**Information provided**

>>>

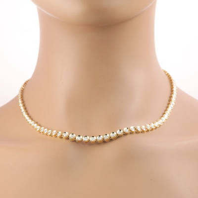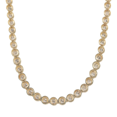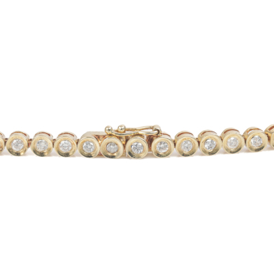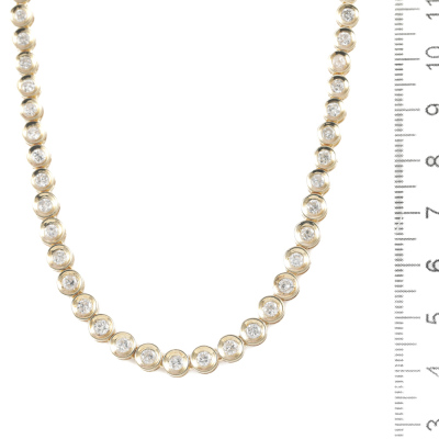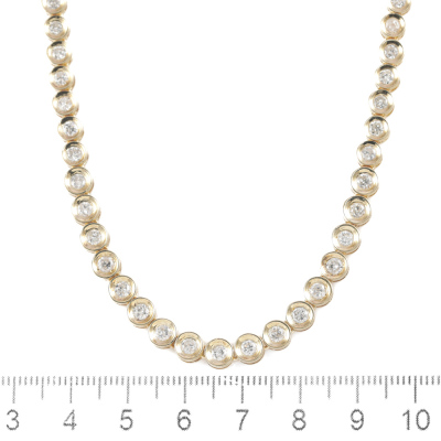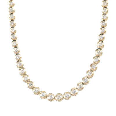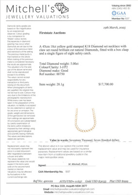 Diamond tennis necklace with 83 graduated round Natural Diamonds totalling 5.00ct (Estimated grading: I-J P2). 18ct yellow gold. Length: 43.0cm. Weight: 28.1g. With Certificate #420129. (Pre-owned)
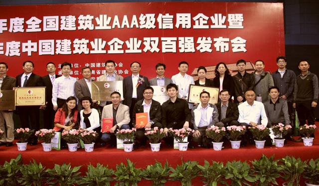 10月22日,我集團公司代表龍劍恒參加了中國建筑業(yè)協(xié)會在鄭州召開的2012年度全國建筑業(yè)AAA級信用企業(yè)暨2011年度中國建筑業(yè)企業(yè)雙百強發(fā)布會。中建協(xié)副會長徐義屏,住房和城鄉(xiāng)建設部建筑市場監(jiān)管司綜合處處長王瑋出席會議并講話。會上,中國建筑業(yè)協(xié)會隆重發(fā)布了2012年度全國建筑業(yè)AAA級信用企業(yè)和2011年度中國建筑業(yè)企業(yè)競爭力百強、中國建筑業(yè)企業(yè)最具成長性百強的評價結果。我集團公司繼2010年度再
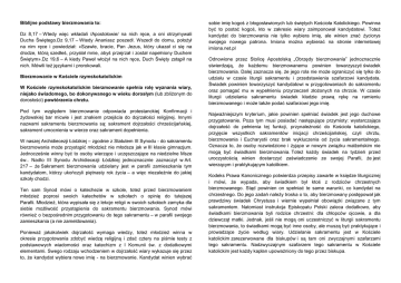 Biblijne podstawy bierzmowania to: Dz 8,17 – Wtedy więc wkładali /Apostołowie/ na nich ręce, a oni otrzymywali Ducha Świętego.Dz 9,17 – Wtedy Ananiasz poszedł. Wszedł do domu, położył na nim ręce i powiedział: «Szawle, bracie, Pan Jezus, który ukazał ci się na drodze, którą szedłeś, przysłał mnie, abyś przejrzał i został napełniony Duchem Świętym».Dz 19,6 – A kiedy Paweł włożył na nich ręce, Duch Święty zstąpił na nich. Mówili też językami i prorokowali. Bierzmowanie w Kościele rzymskokatolickim W Kościele rzymskokatolickim bierzmowanie spełnia rolę wyznania wiary, niejako świadomego, bo dokonywanego w wieku dorosłym (lub zbliżonym do dorosłości) powtórzenia chrztu. Pod tym względem bierzmowanie odpowiada protestanckiej Konfirmacji i żydowskiej bar micwie i jest znakiem przejścia do dojrzałości religijnej. Innymi nazwami sakramentu bierzmowania są: sakrament dojrzałości chrześcijańskiej, sakrament umocnienia w wierze oraz sakrament dopełnienia. W naszej Archidiecezji Łódzkiej – zgodnie z Statutem III Synodu - do sakramentu bierzmowania może przystąpić młodzież nie młodsza jak w III klasie gimnazjum. Jednocześnie winny być to osoby wierzące i uczęszczające na niedzielne Msze św.. Nadto III Synodu Archidiecezji Łódzkiej jednoznacznie zaznaczył w Art. 217 – że Sakrament bierzmowania udzielany jest w parafii zamieszkania tym kandydatom, którzy ukończyli piętnasty rok życia – a więc niezależnie do jakiej szkoły chodzi. Ten sam Synod mówi o katechezie w szkole, toteż przed bierzmowaniem młodzież poprosi swoich katechetów w szkołach o opinię do tutejszej Parafii. Młodzież, która wypisała się z lekcje religii w swoich szkołach zamyka dla siebie możliwość przystąpienia do sakramentu bierzmowania. Synod mówi również o bezpośrednim przygotowaniu do tego sakramentu – w parafii swojego zamieszkania (a nie zameldowania). Ponieważ jakakolwiek dojrzałość wymaga wiedzy, toteż młodzież winna w okresie przygotowania zdobyć wiedzę religijną i zdać cztery na piśmie testy z podstawowych wiadomości oraz katechizm z I Komunii św. z dodatkowymi elementami. Swego rodzaju wchodzeniem w dojrzałość wiary wykazuje się przez to, że kandydat wybiera nowe imię - na bierzmowanie. Kandydat winien wybrać sobie imię kogoś z błogosławionych lub świętych Kościoła Katolickiego. Powinna być to postać kogoś, kto w zakresie wiary zaimponował kandydatowi. Toteż kandydat do bierzmowania nie tylko wybiera imię, ale winien znać życiorys swojego nowego patrona. Imiona można wybierać na stronie internetowej imiona.net.pl Odnowione przez Stolicę Apostolską „Obrzędy bierzmowania” jednoznacznie stwierdzają, że każdemu bierzmowanemu powinien towarzyszyć świadek bierzmowania. Dalej zaznacza się, że jego rola nie może ograniczyć się tylko do udziału w czasie liturgii sakramentu i przedstawienia szafarzowi kandydata. Świadek powinien towarzyszyć kandydatowi w przygotowaniach do sakramentu oraz pomagać mu w wypełnieniu przyrzeczeń złożonych na chrzcie. W czasie liturgii udzielania sakramentu świadek kładzie prawą rękę na ramieniu bierzmowanego i może także podać szafarzowi jego imię. Najważniejszym kryterium, jakie powinien spełniać świadek jest jego duchowe przygotowanie. Poza tym musi posiadać następujące przymioty: wystarczająca dojrzałość do pełnienia tej funkcji, przynależność do Kościoła katolickiego, przyjęcie wszystkich sakramentów inicjacji chrześcijańskiej, czyli chrztu, bierzmowania i Eucharystii oraz brak wykluczenia od życia sakramentalnego. Oznacza to, że osoby rozwiedzione i żyjące w nowym związku małżeńskim nie mogą być świadkami bierzmowania. Toteż każdy świadek na tydzień przed uroczystością winien dostarczyć zaświadczenie ze swojej Parafii, że jest wierzącym i praktykującym katolikiem. Kodeks Prawa Kanonicznego potwierdza przepisy zawarte w księdze liturgicznej i mówi, że wypada, aby świadkiem był ktoś z rodziców chrzestnych bierzmowanego. Stąd powinien on spełniać te same warunki, co kandydat na chrzestnego. Do jego zadań należy troska o to, aby bierzmowany postępował jak prawdziwy świadek Chrystusa i wiernie wypełniał obowiązki związane z tym sakramentem. Natomiast instrukcja Episkopatu Polski zaleca dodatkowo, aby świadkami bierzmowania byli rodzice chrzestni: dla chłopców ojcowie, a dla dziewcząt matki. Jednak, jeśli nie mogą oni uczestniczyć w liturgii sakramentu bierzmowania, to świadkami mogą być inne osoby, ale muszą być praktykujące i prowadzące życie według wiary. Udzielanie sakramentu jest w Kościele katolickim zarezerwowane dla biskupów i są tam oni zwyczajnymi szafarzami tego sakramentu. Nadzwyczajnym szafarzem tego sakramentu w Kościele katolickim jest każdy kapłan upoważniony do tego przez biskupa. W razie niebezpieczeństwa śmierci, sakramentu tego może udzielić każdy proboszcz lub każdy ksiądz, zgodnie z kanonem 883 kodeksu prawa kanonicznego z 1983. Istotny obrzęd bierzmowania składa się z trzech elementów wykonywanych równocześnie. Są to: namaszczenie olejem Krzyżma na czole ochrzczonego, nałożenie ręki biskupa na jego głowę, słowa: "Przyjmij znamię daru Ducha Świętego". Skutki bierzmowania są następujące: udoskonala łaskę chrztu, głębiej zakorzenia nas w synostwie Bożym, ściślej jednoczy nas z Chrystusem, pomnaża w nas dary Ducha Świętego, udoskonala naszą więź z Kościołem, umacnia do świadczenia o wierze chrześcijańskiej słowem i czynem. Bierzmowanie, podobnie jak chrzest, nie może być powtarzane ze względu na niezatarty charakter czyli znamię Chrystusa, które wyciska na duszy chrześcijanina. Symbolika Nakładanie rąk na głowę jest gestem biblijnym (Rdz 48, 14; Kpł 9, 22; Lb 8,10; 27, 25...), który w liturgii należy do najstarszych obrzędów. W sakramencie bierzmowania w
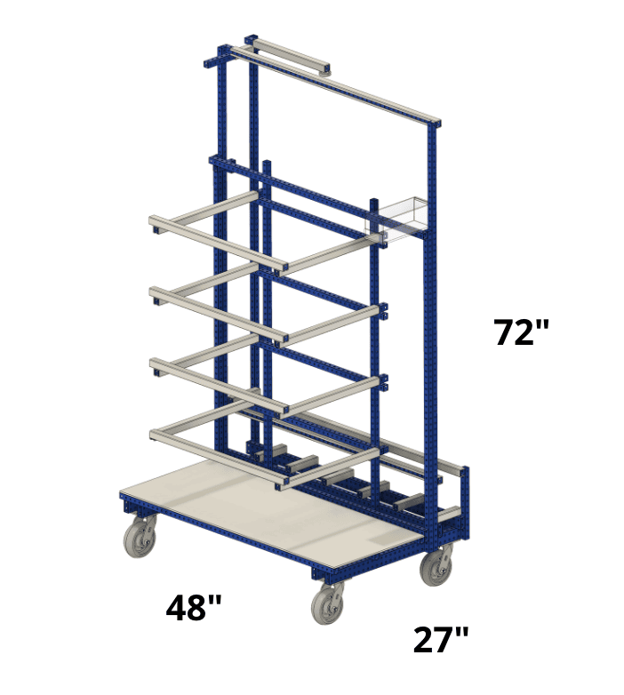 A closure panel cart designed to transport and store closure panels, featuring specialized racks or slots that secure the panels during movement. Shown to illustrate that specific, highly customized solutions can be innovated!
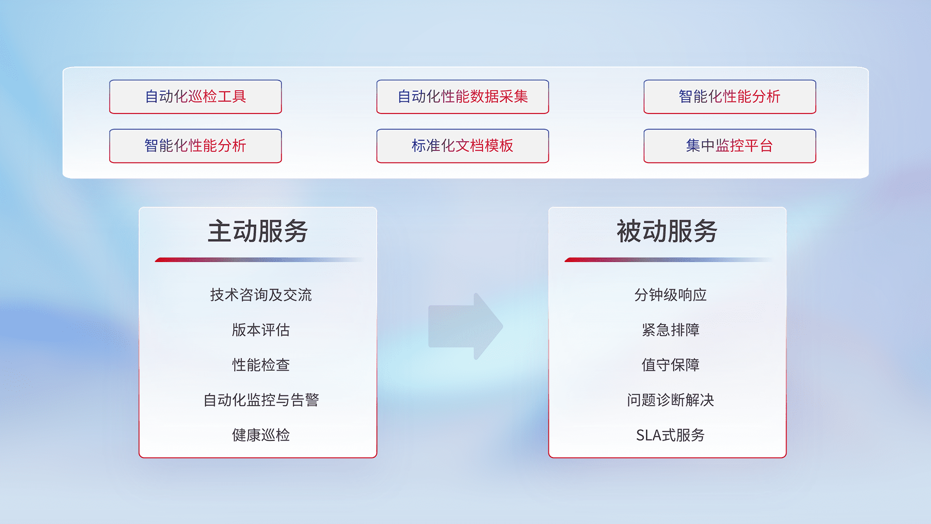 智能化工具和标准化文档,,,,保障服务质量,,,提供主动服务(包含技术咨询、、、、版本评估、、、、性能检查、、、自动化监控与告警、、、、健康巡检)和被动服务包含(分钟级响应、、、、紧急排障、、、值守保障、、、问题诊断解决、、、、SLA服务)。。。
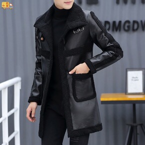 冬季男士皮衣韩版修身中长款PU皮外套潮流男装皮毛一...

<<<

**Work task**
All lines from the one containing "A closure panel" through the final line of the entries above are to be copied exactly; the pictures are not.

**Finished exercise**
 A closure panel cart designed to transport and store closure panels, featuring specialized racks or slots that secure the panels during movement. Shown to illustrate that specific, highly customized solutions can be innovated!
 智能化工具和标准化文档,,,,保障服务质量,,,提供主动服务(包含技术咨询、、、、版本评估、、、、性能检查、、、自动化监控与告警、、、、健康巡检)和被动服务包含(分钟级响应、、、、紧急排障、、、值守保障、、、问题诊断解决、、、、SLA服务)。。。
 冬季男士皮衣韩版修身中长款PU皮外套潮流男装皮毛一...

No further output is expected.